==== DATA EXCERPTS ====

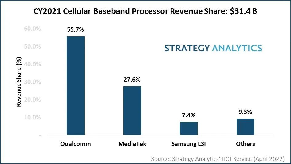 联发科、三星LSI、紫光展锐和英特尔,占据了2021年全球基带芯片市场收益份额的2-5名。整个市场收益同比增长了19.5%,达到314亿美元。
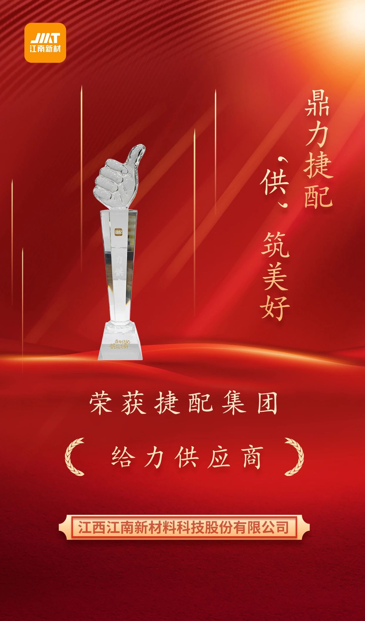 會上,為表彰并鼓勵優(yōu)秀的供應鏈合作伙伴,本次活動面向供應鏈伙伴設立多個獎項,包括“筑力獎、給力獎、鼎力獎”等。江南新材憑借卓越的品質(zhì)與合作表現(xiàn)榮獲了捷配集團授予的“給力供應商獎”。
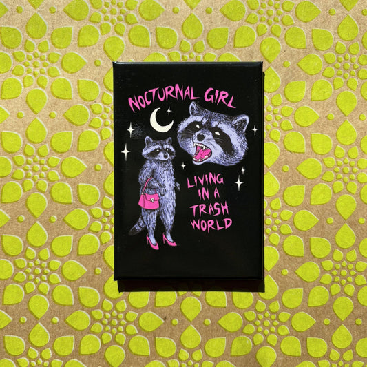 Nocturnal Girl Living in A Trash World Raccoon Rectangular Magnet | Refrigerator Magnetic Surface Decor
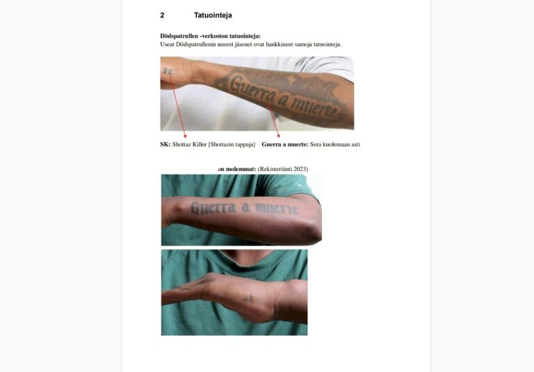 Ilta-Sanomat kertoo, että Suomen poliisin Ruotsin viranomaisilta saamaa materiaali paljastaa, että usean jengiläisen käsiin on tatuoitu espanjankielinen lause ”Guerra a muerte” eli suomeksi ”sota kuolemaan asti”.
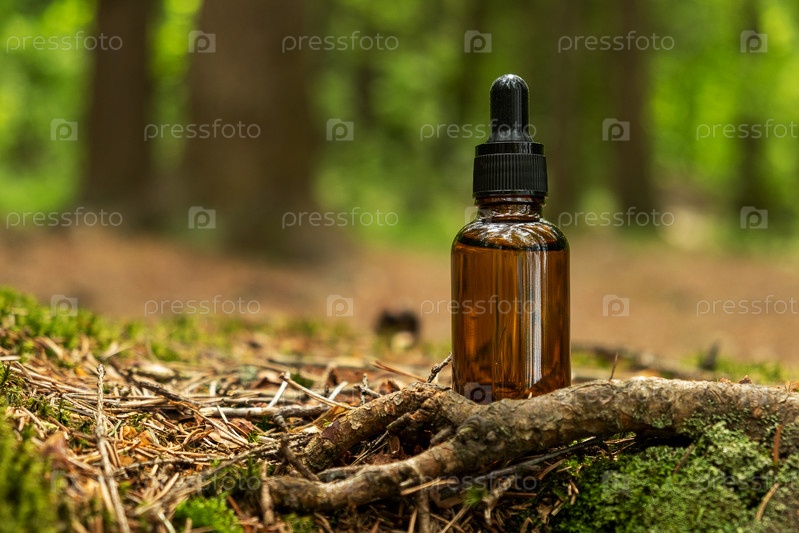 Косметические контейнеры с пипеткой расположены на фоне естественного леса
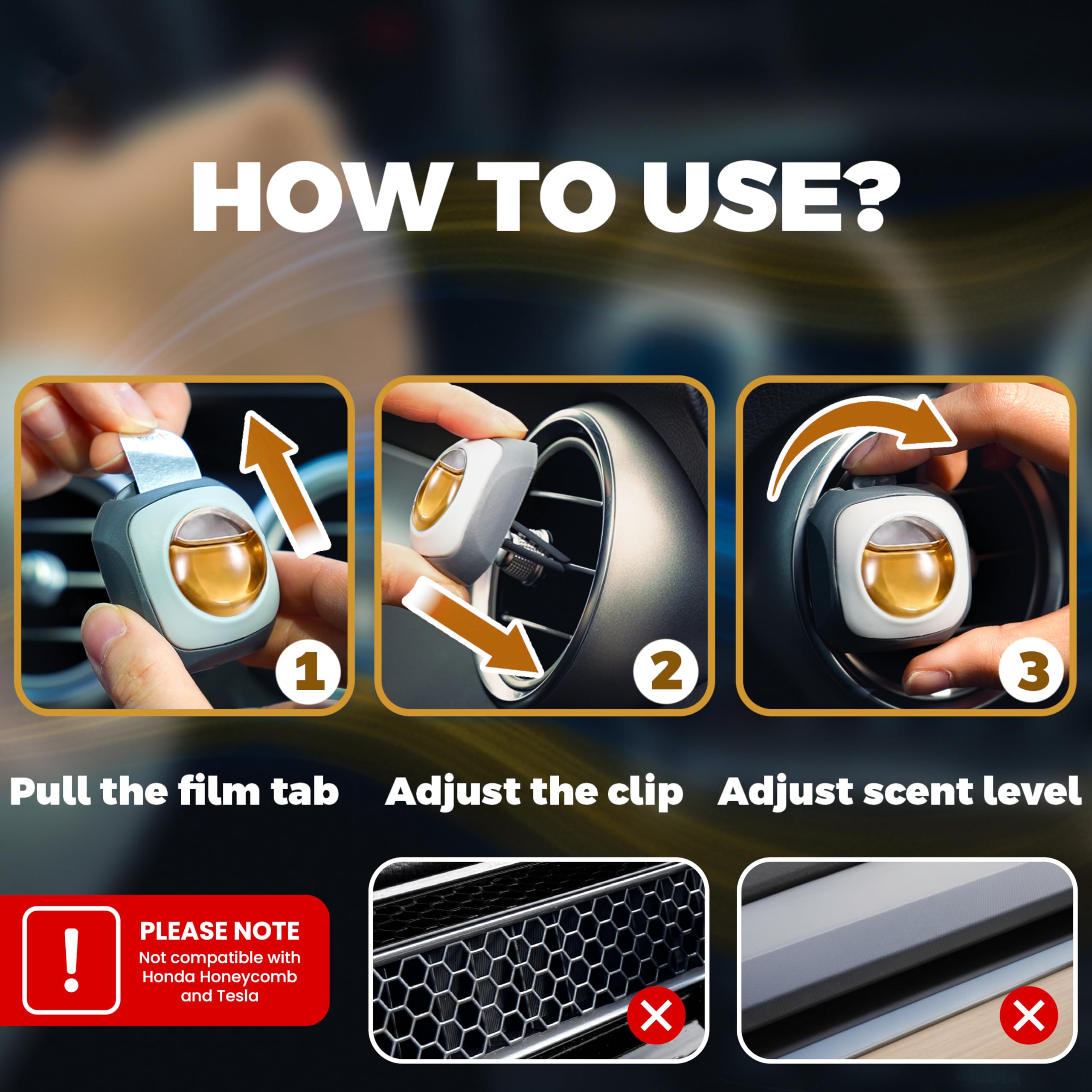 Features a 3-level scent control so you can choose your preferred fragrance intensity. The car air freshener vent-clip design attaches securely and fits most standard vehicle air vents for simple, convenient use; A great car accessory
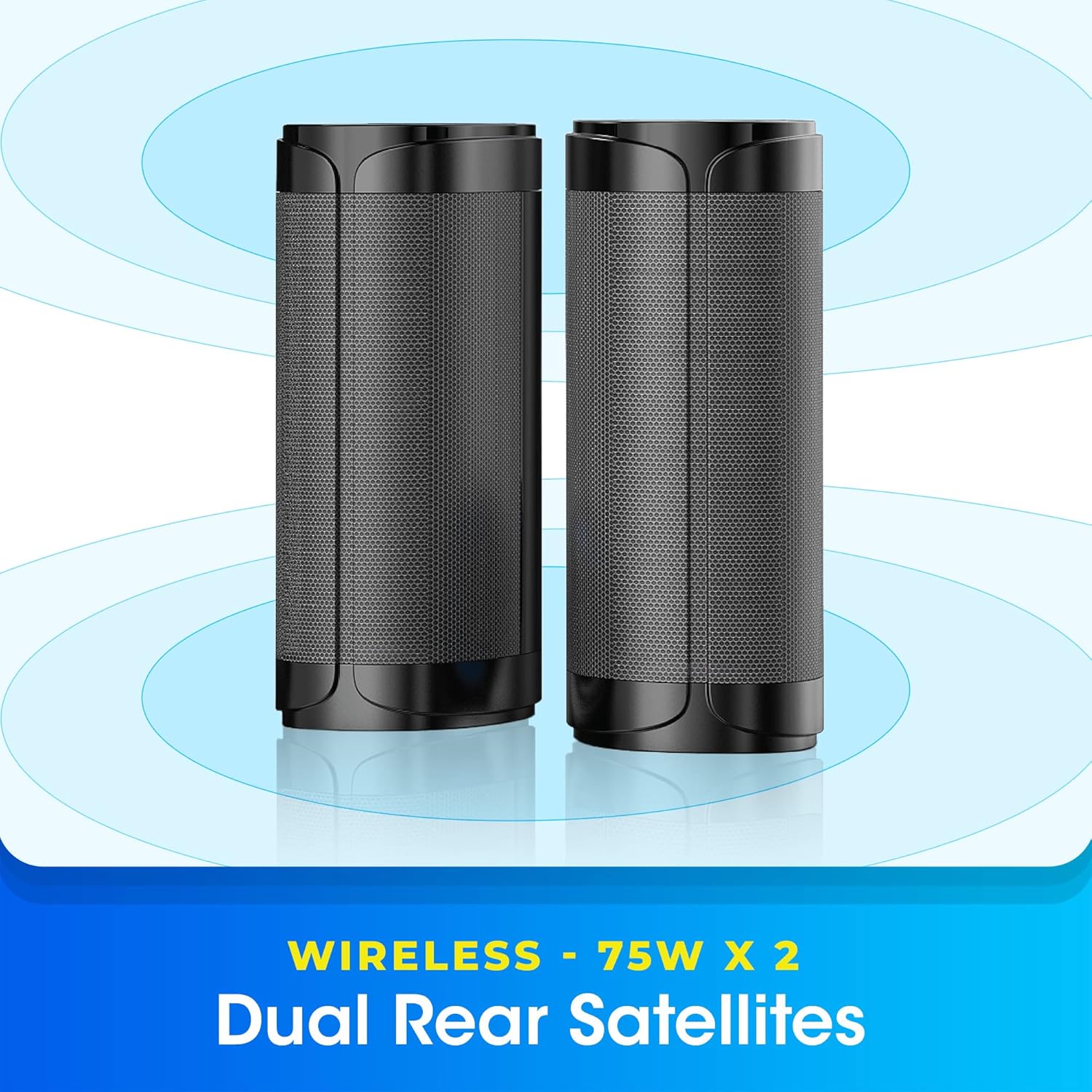 - Dual wireless satellites which are powered with a dedicated DC adapter, can be placed up to 8 meters away from the soundbar for the best 5.1.2 surround experience!
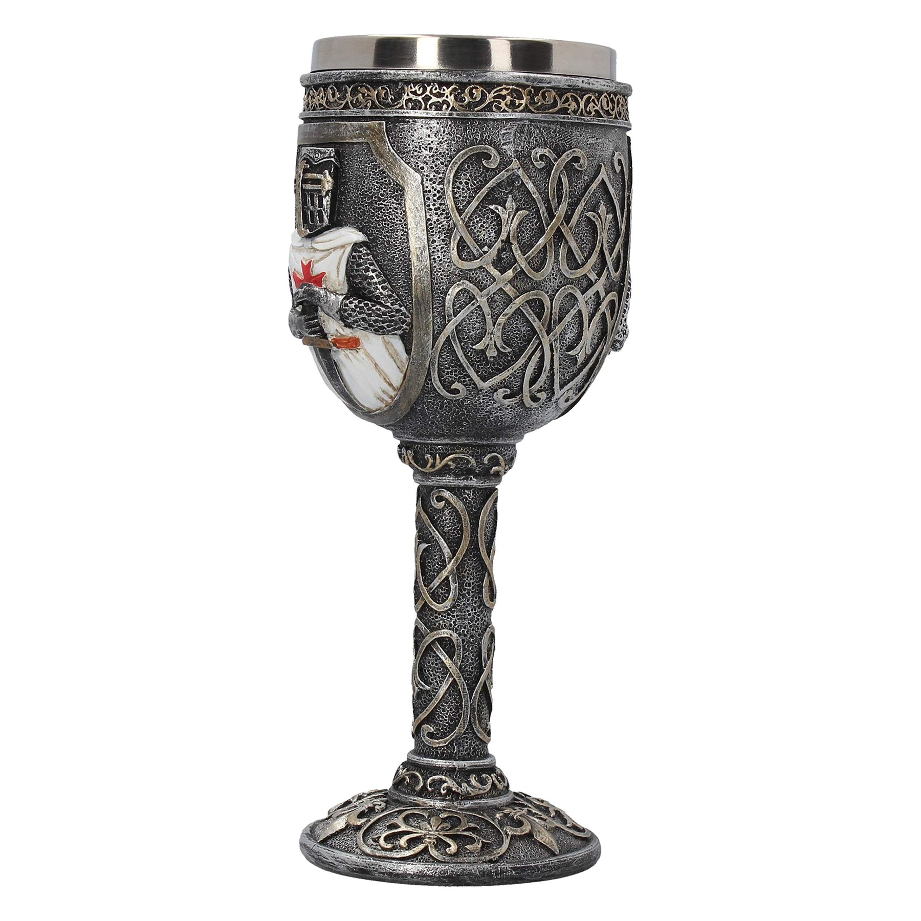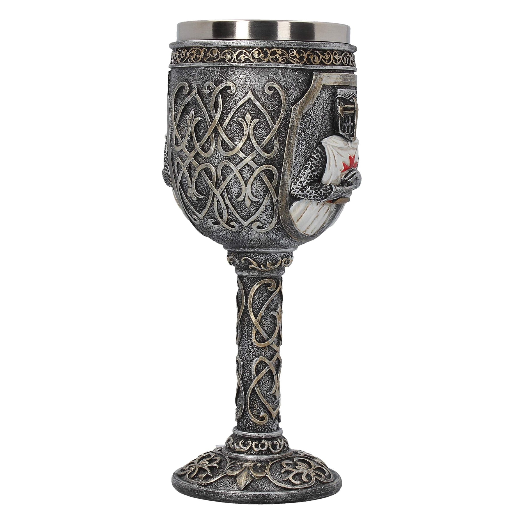 Wearing chainmail this medieval knight holds a sword to it's chest, beautifully sculpted on the main body of the goblet. Ornate detailing, highlighted in gold, covers the base and stem, continuing up and round the rim. Expertly hand-painted, this goblet looks like it is made from solid steel. A removable stainless-steel insert allows for easy cleaning. From alternative brand Nemesis Now's giftware collection, this goblet makes the ideal gift for any knight of the templar!
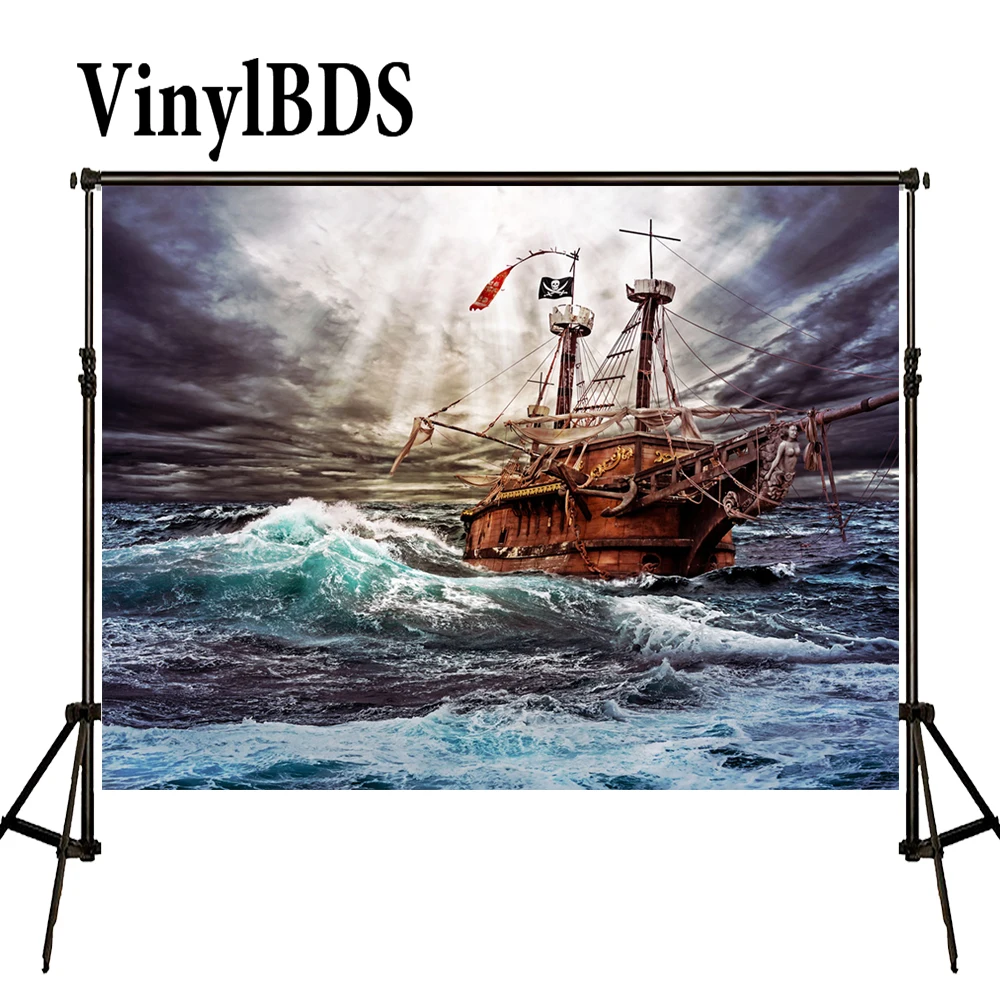 Best VinylBDS 5X7ft Pirates Of The Caribbean Background Shabby Sailing Boat Backdrop Children'S Marine Background For Photo Studio Free Shipping

====

▶ _WORK INSTRUCTION_
Skip the images and write out the rest of the listing exactly.

▶ _WRITTEN REPLY_
 联发科、三星LSI、紫光展锐和英特尔,占据了2021年全球基带芯片市场收益份额的2-5名。整个市场收益同比增长了19.5%,达到314亿美元。
 會上,為表彰并鼓勵優(yōu)秀的供應鏈合作伙伴,本次活動面向供應鏈伙伴設立多個獎項,包括“筑力獎、給力獎、鼎力獎”等。江南新材憑借卓越的品質(zhì)與合作表現(xiàn)榮獲了捷配集團授予的“給力供應商獎”。
 Nocturnal Girl Living in A Trash World Raccoon Rectangular Magnet | Refrigerator Magnetic Surface Decor
 Ilta-Sanomat kertoo, että Suomen poliisin Ruotsin viranomaisilta saamaa materiaali paljastaa, että usean jengiläisen käsiin on tatuoitu espanjankielinen lause ”Guerra a muerte” eli suomeksi ”sota kuolemaan asti”.
 Косметические контейнеры с пипеткой расположены на фоне естественного леса
 Features a 3-level scent control so you can choose your preferred fragrance intensity. The car air freshener vent-clip design attaches securely and fits most standard vehicle air vents for simple, convenient use; A great car accessory
 - Dual wireless satellites which are powered with a dedicated DC adapter, can be placed up to 8 meters away from the soundbar for the best 5.1.2 surround experience!
 Wearing chainmail this medieval knight holds a sword to it's chest, beautifully sculpted on the main body of the goblet. Ornate detailing, highlighted in gold, covers the base and stem, continuing up and round the rim. Expertly hand-painted, this goblet looks like it is made from solid steel. A removable stainless-steel insert allows for easy cleaning. From alternative brand Nemesis Now's giftware collection, this goblet makes the ideal gift for any knight of the templar!
 Best VinylBDS 5X7ft Pirates Of The Caribbean Background Shabby Sailing Boat Backdrop Children'S Marine Background For Photo Studio Free Shipping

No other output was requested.